Diabetic neuropathic pain is a common clinical manifestation of diabetic neuropathy, which seriously affects the quality of life of patients. The clinical treatment is limited and the curative effect is not good. In the previous animal studies, investigators found that the change of pain threshold in diabetic rats showed a staged change, and was significantly related to the change of brain microglia activity. It was confirmed that liraglutide could regulate the activation of microglia in vitro. Then investigators found that it could intervene diabetic neuropathic pain through the intervention of liraglutide in diabetic rats. In the early stage of clinical observation, the investigators also preliminarily observed that liraglutide can intervene diabetic neuropathic pain. At present, liraglutide is a commonly used hypoglycemic drug in clinic. Therefore, on the basis of previous studies, this study intends to select diabetic neuropathic pain patients whose blood sugar is not up to the standard, and give Mecobalamin to treat diabetic neuropathy. In addition, on the basis of the original hypoglycemic treatment, participants are randomly divided into one group to give liraglutide, one group to increase or adjust insulin, with similar blood glucose level. The improvement of diabetic neuropathic pain was observed.

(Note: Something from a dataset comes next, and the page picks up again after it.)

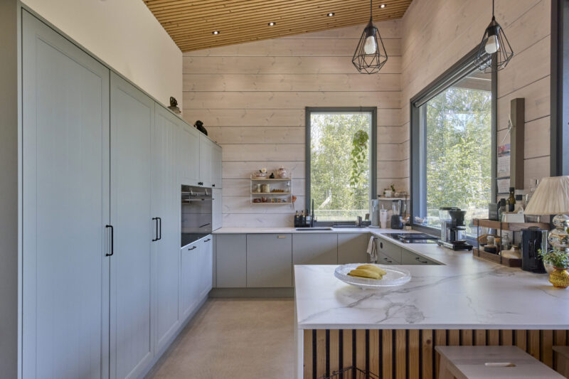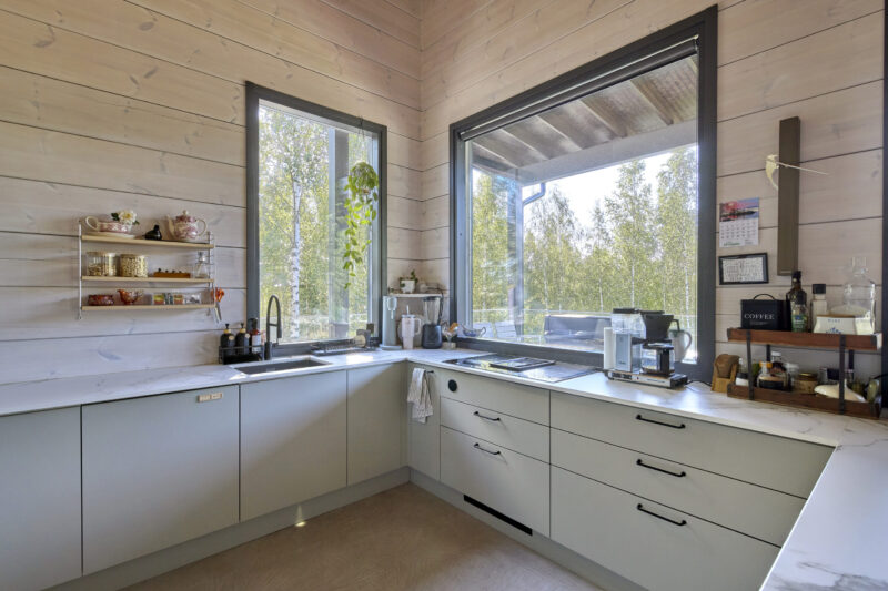 Luontomaisemaan harmonisesti yhdistyvä keittiö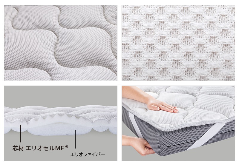 表側地に採用した凹凸のあるハニカム構造の「マニクール 3Dファブリック」は、通気性も抜群です。冷感効果や通気性、そして肌離れが良い「マニクール3D ファブリック」に、キルティング加工施すことで、身体の接地面をさらに減らし、寝返りの際の肌離れをよりスムーズにします。

The aim of this study was to evaluate the safety and efficacy of liraglutide in improving diabetic neuropathic pain.

Description:

1. Diabetic neuropathic pain seriously affects the quality of life, clinical problems are difficult, and new treatment methods are urgently needed.

Diabetic neuropathy is one of the most common complications of diabetes mellitus. The study of investigators shows that the prevalence rate of diabetic neuropathy diagnosed in downtown Shanghai is as high as 61.8%. The most common type of diabetic peripheral neuropathy is distal symmetric polyneuropathy, which is the main cause of diabetic neuropathic pain (DNP). Diabetic neuropathic pain can affect about one fifth of diabetic patients, which can lead to the decrease of daily activities, even the loss of work, severe depression, and quality of life. The pathogenesis of diabetic neuropathic pain is complex and not yet fully clear, so there is a lack of available and effective treatment. At present, the first-line clinical treatment drugs include pregabalin, duloxetine, amitriptyline, gabapentin and venlafaxine, etc., and these drugs sometimes relieve the symptoms of diabetic neuropathic pain not obvious, and have more side effects, which has become a difficult problem in clinical treatment. Therefore, it is urgent to explore effective drugs for diabetic neuropathic pain.

2. The clinical observation and animal study of the investigators show that the GLP-1 receptor agonist (liraglutide) can improve diabetic neuropathic pain.

1. Diabetic neuropathic pain is related to brain microglia. In the animal model of diabetes mellitus, investigators found the phenomenon of abnormal activation of microglia. Previous studies showed that the abnormal activation of microglia at the level of spinal cord was closely related to diabetic neuropathic pain, and microglia at the level of spinal cord played an important role in the transmission of pain. As the center of pain loop, the activity of microglia in cerebral cortex and thalamus is less related to diabetic neuropathic pain.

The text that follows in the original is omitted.